To me the Avail column values are realistic, but the Size and Used ones are driving me nuts.
On the root of the file system I issued the following command. for d in $(ls) ; do du -sh $d 2>/dev/null; done
The output follows.
Sometimes processes can block disk space, until the service/process has been restarted. I’ve had such situations like that. Have you tried restarting the server to see if that 42GB becomes available?
Theres something else:
It shows /dev/nvme0n1p5 and /dev/nvme0n1p6 to have 64 *Zeta*bytes.
That cant’t be true, so I suspect that the partition table of your NVME disk is somehow corrupted.
Later:
Maybe not the partition table, but definitively the filesystem (superblock?). So you should
check, if lsblk and fdisk -l report correct partition sizes.
I respect the request of avoiding screenshots, though, as you can see, in this case upon pasting I get pipes as separation characters and I don’t know why. That was the reason why I resorted to screenshots.
So your partitions look ok.
A hunch (hopefully not true):
In the partition table, a Microsoft partition is on /dev/nvme0n1p4, just before the corrupted
linux partitions.
So:
Could it be this partition was bigger in the past, and when you installed Rocky,
you resized the partition but forgot to resize the filesystem (NTFS?) in it and you
ran Windows before those strange errors did occur?
If yes: You data is most likely overwritten (lost) and you know at least the reason why.
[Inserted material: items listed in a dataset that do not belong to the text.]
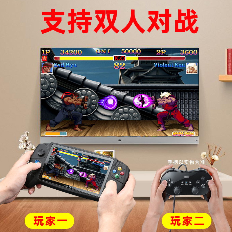 (7 inch large screen) Electronic toy Puzzle Multifunction Console Palm Machine Nostalgic Palm TV Double Street Machine
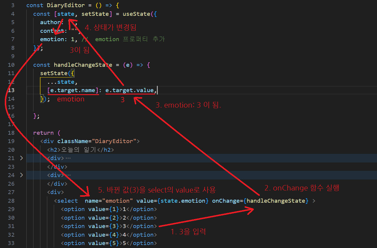 <select name="emotion" value={state.emotion} onChange={handleChangeState} >
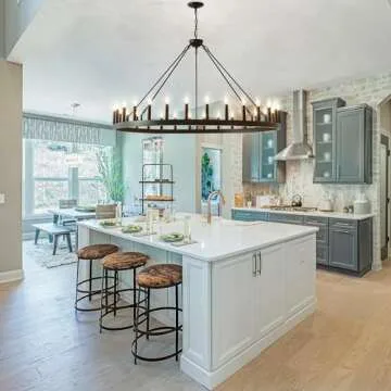 The **53 Inch Large Black Wagon Wheel Chandelier** makes a perfect gift for various occasions. Whether celebrating a new home purchase, housewarming parties, or engaging in major renovations, this chandelier symbolizes warmth and thoughtfulness for beloved family or friends. Moreover, its presence is ideal for festive gatherings, where the ambiance truly sets the tone.
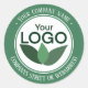 Green Round Company und Logoaufkleber mit individualisierbarem Text. Fügen Sie nach Ihrer Wahl Ihr Firmenlogo, Ihren Slogan, Ihre Adresse oder Ihre Webadresse hinzu. Der Text erscheint in einem Bogen oder in einer Krümmung um Ihr Logo. Versuchen Sie, wie es mit Ihrem Text und Logo aussehen wird, bevor Sie bestellen. Hier ist das Logo auf einem grünen Hintergrund mit weißem Text. Wenn Sie andere Farben unter Ihrem Text auf dem Hintergrund gewollt haben, können Sie die Farbe im Design-Tool weiter ändern, wählen Sie eine, die Ihr Logo oder Ihre Marke ergänzt.

If no, I’m out of ideas unfortunately.
/dev/nvme0n1p4 is simply the partition I made to install Windows there. I partitioned the entire SSD disk from scratch. Windows was installed first and then I installed Rocky Linux in the space I left for it, presumably yet not partitioned at the time I installed Windows.
/dev/nvme0n1p5, /dev/nvme0n1p6 and /dev/nvme0n1p7 do have the size I could expected from there after partitioning. As for the no space left on device, it turned out it was probably due to space exhaustion in /var/tmp, that I configured as a temporary file system in RAM, but unfortunately with too much limitation in size - I could easily mend for it, once discovered the problem. Elsewhere, in spite of the 100% usage indication, I could successfully create huge dummy files with dd and no error raised.
I’m pretty much ignorant concerning such issues, but could it be just a SSD-related issue? Maybe something related to the way the SSD disk is controlled? I remember a setting in the BIOS configuration…
For some reason I decided to install the system again, in the same partitions seen before.
Mysteriously now the behavior is normal, as far as sizes are concerned.
First of all, when using ‘du’ use the ‘-x’ switch .
When a process uses a file, in /proc/{pid}/fd there is a “reference” to that file.
So imagine that an app writes to a log that is never rotated and that becomes 30G. Then an unexperienced user would ‘rm -f’ that log.
Yet, the space won’t be released until the process is dead.
In such scenarios use ‘lsof’ and search for deleted files. Once you find it, go to /proc/{pid}/fd/ and use ‘truncate -s 0 {number of the fd}’ to release the space without restarting the application.
P.S.: You can also copy deleted files by ‘cp {number of fd} /{new_destination}’.